With lack of bookings, theater company turns to radio
Past meets present, in a reconnection forged by a pandemic, at Murder Cafe.
Performances by the 11-year-old theatrical company, which is based in Ulster County and creates interactive, comedic murder mysteries at fundraisers and venues such as country clubs, casinos and, for the past five years, Bannerman’s Island, came to a halt in March. The company needed to reinvent itself quickly, recalls its co-founder and artistic director, Frank Marquette.
And so Hudson Valley Radio Theatre was born.
Instead of staging plays in person (the company does about 45 shows per year), the actors have moved to Zoom. They record their performances and sound engineer Kenny Drao produces the stories in ways that often evoke broadcasts from the Golden Age of Radio in the 1930s and 1940s. The Hudson Valley Radio Theatre roster of 12 programs is a mix of whodunits, a variety show and classic stories such as Wuthering Heights and Dracula.
Murder Cafe works with a rotating group of actors — last year there were 51 —many of whom made the transition from live performance to radio with guidance from Marquette.
“It’s a different way of presenting themselves, using voice only,” he explains. “You have to convey more emotion because you can’t use gestures or create drama with just a look. There are dramatic pauses but the actor has to rely heavily on the emotional range of the voice. There are differences in pacing, in this medium, and there are the technical challenges, but the actors have been great.”
Once the actors have done their work, Drao inserts sound effects, enhances voices and gives everything a period flavor.
“We will end the year with 15 shows,” Marquette says. “After Wuthering Heights went so well, I now want to do programs which fit in with a school curriculum, especially high school, such as The Great Gatsby and Great Expectations.”
The company’s first production at Bannerman’s Island was An Evening with Edgar Allan Poe, followed by a version of the radio broadcast of H.G. Wells’ The War of the Worlds. Next came Whiskey Women, an original play about bootleggers; Dracula; and, last year, Arsenic and Old Lace.

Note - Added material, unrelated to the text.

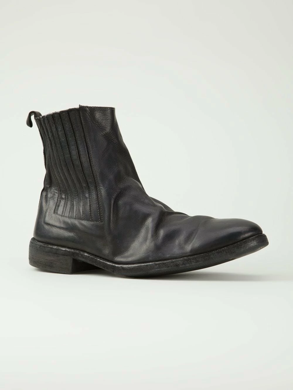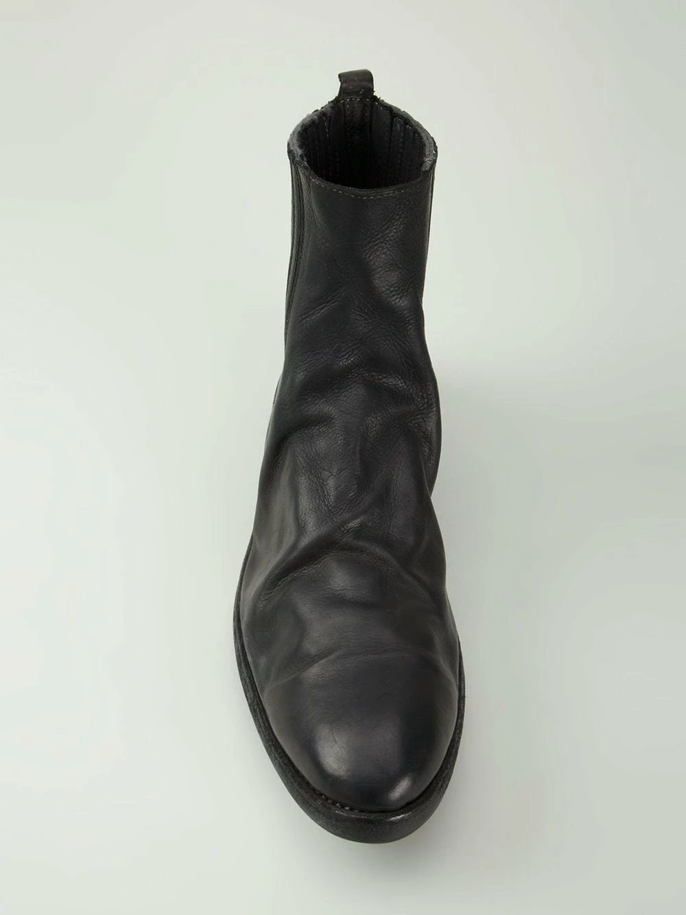 Bottines chelsea à effet usé en cuir noir Guidi. Cet article taille petit, veuillez le choisir une taille au dessus de votre taille habituelle.

This year, the company was scheduled to present a play based on Frankenstein on the island, which is dominated by the ruins of a castle. Each show the company does is site-specific. “You have to make the surroundings part of the production,” Marquette explains. “At Bannerman’s you have trains, boats, geese flying over.”

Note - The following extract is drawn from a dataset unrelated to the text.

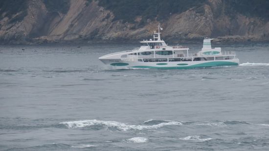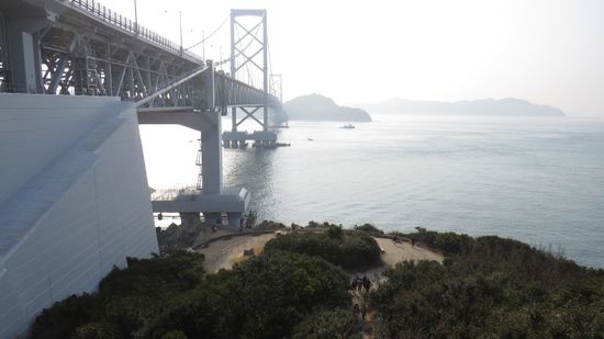 deren Aufnahme in das UNESCO Weltkulturerbe beantragt wurde. Hier, direkt unter der Brücke befindet sich ein schmaler, etwa 100m tiefer Meeresgraben mit recht steilen Flanke und einem sehr seichten Uferbereich. Bei Ebbe und Flut entstehen hier nun bedingt durch die unterschiedlichen Fließgeschwindigkeiten enorme Wasserwirbel, die natürlich von jedermann besichtigt werden müssen. Man kann dieses Naturwunder vom Boot aus nächster Nähe beobachten (JPY 2.000 pP)

He founded Murder Cafe in Las Vegas in 1998. “It was a case of ‘Go west, young man,’” he says. “I spent 11 years in Albuquerque and 11 years in Nevada. I was an advertising sales manager and graphic artist, while always acting. My wife and I got involved with a murder-mystery company. After we founded Murder Cafe, it took off; we did corporate shows along with lots of public shows. We moved back to the Hudson Valley in 2009, and it only took a year to get back to the number of performances we had been doing in Las Vegas.”
To promote the performances, Marquette reaches about 8,400 people on an email list, publishes a monthly newsletter and posts on social media. The radio-show audio files are posted to sites such as Spotify and Anchor.fm. “All of this translates to what is now close to 1,000 listeners,” he says.
Once the pandemic is over, Marquette says he plans to keep the radio component active. “It’s kept our name out there, the actors love doing it and people are happy that we’ve given them an alternative entertainment medium,” he says. “I’ve had many conversations with clients — the people who run inns and other venues. No one wants to put customers at risk. I’ve been asked to perform live, but it’s too risky. We’ll just wait.”
To listen to any of Murder Cafe’s performances, including Murder Me Always; Murder at the Speakeasy; Death by Chocolate; Murder on the Air; Sorry, Wrong Number; The Lodger; Ghost Hunt; The Masque of the Red Death; Poe Live; and The Virtual Variety Show, visit hudsonvalleyradiotheatre.com. The productions range in length from 16 to 85 minutes. They are free, but donations are welcome.